Well enough about her. She‘s old news, and frankly, it’s a little exhausting to keep her alive in my mind. Let’s talk about me instead.
I remember some of my first memories. I hear loud humming. I look up, and I see this older lady standing in front of me, her face laden with worry and concern. “He needs a comprehensive evaluation, because I’m definitely seeing some red flags here”, She says. I nod dully, shocked by the news that I fully expected to receive………
Over the next few days/months/years…..
…..So speech will be once a week, but don’t you think he needs more? No, no he’s not making sounds yet. Yes…. No, not even ‘mama’. Yeah. OK, great we’ll see you Wednesday! *Call disconnected*……
….. Yes, we have the autism diagnosis on file. Does he qualify for behavior therapy?…
…..No. No. Grandma, stop and hear me out. It is NOT a curse. His brain just works a different way. Spell it with me. Spell it with me: N-E-U-R-O-D-I-V-E-R-S-I-T-Y……
…….Well, he does speak full sentences now. No, you need to add these goals to his file, so we don’t lose momentum……
……..No, he doesn’t have a photographic memory. He’s a person, not a camera. What?No, he’s not like Sheldon from the Big Bang Theory. (Thank goodness for that!)…..
…….Aww sweetie, don’t pull Geraldine’s hair. Its great you want to get her attention, but let’s try something nicer, please? (Wow, this is the first time he’s choosing to engage with another child!)….

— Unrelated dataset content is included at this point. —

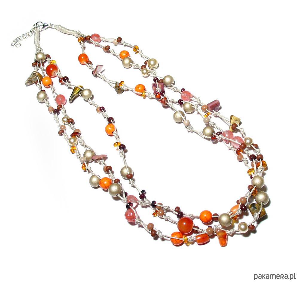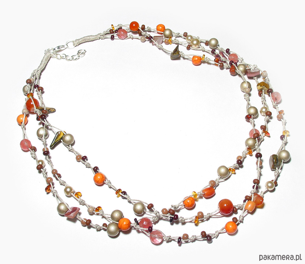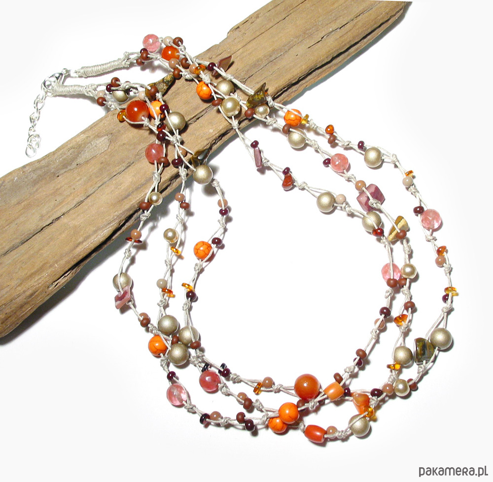 Piękny, lekki naszyjnik wykonany na polskiej przędzy lnianej z elementów w odcieniach brązów, oranżu, złota i pudrowego różu.

…… No ma’am, I know that he doesn’t have a physical disability. But do you understand that he’s very likely to bolt? Yes, especially in parking lots. I can make another appointment, if you need me to get more paperwork from his doctor…..OK, thank you for understanding. No I don’t need the license plates, just the disabled person placard……

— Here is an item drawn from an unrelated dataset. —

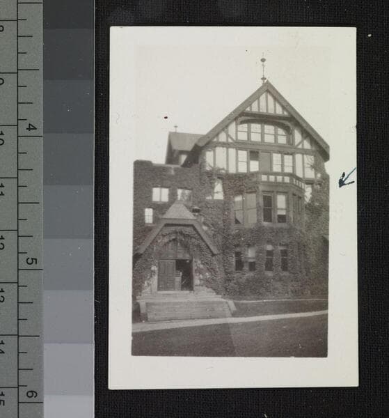 Photo of a large ornate building in the distance with rows of trees leading to it.

……..Thank you so much Mrs.M! He was just so perfect up on that stage! Yup, music is definitely his calling….
As the years go by, I sporadically think of that dead girl. Why? I am not like Her. I’m not timid, but I’m not loud either. Almost always even keeled and entirely predictable. I don’t whisper requests, but I also don’t shove and grab my share of the pie. I talk slowly. Calmly. Even my anger is deadened by my equable tone, because too much is at stake. I don’t have a shield around me – on the contrary, I choose to feel and bleed without a buffer. I cry openly and plentifully, because I don’t really have any bandwidth for storing up that sorrow. And then I put my oversized shades on and make a much needed trip to Target.
And sometimes I lose it. I yell and fight, kick and thrash – gloriously and explosively feral. But in my head. Always in my head.
People know me. Not because I’m flamboyant and not because I’m memorable. But because I am everywhere, so obviously earnest. I have this purpose now and I am every bit the clichéd woman on a mission. I love speaking to everyone, learning and imbibing as I go. I’m not duplicitous and I don’t really judge anyone else, because I’m content in myself and my vision. I don’t fight any big wars- instead I go to battle everyday to make this world better for my son and others like him. Because really, at the end of the day, that’s all that matters, right?
That brings me to my very first memory. I call it my proudest moment.
It was when I killed her and rose from her ashes.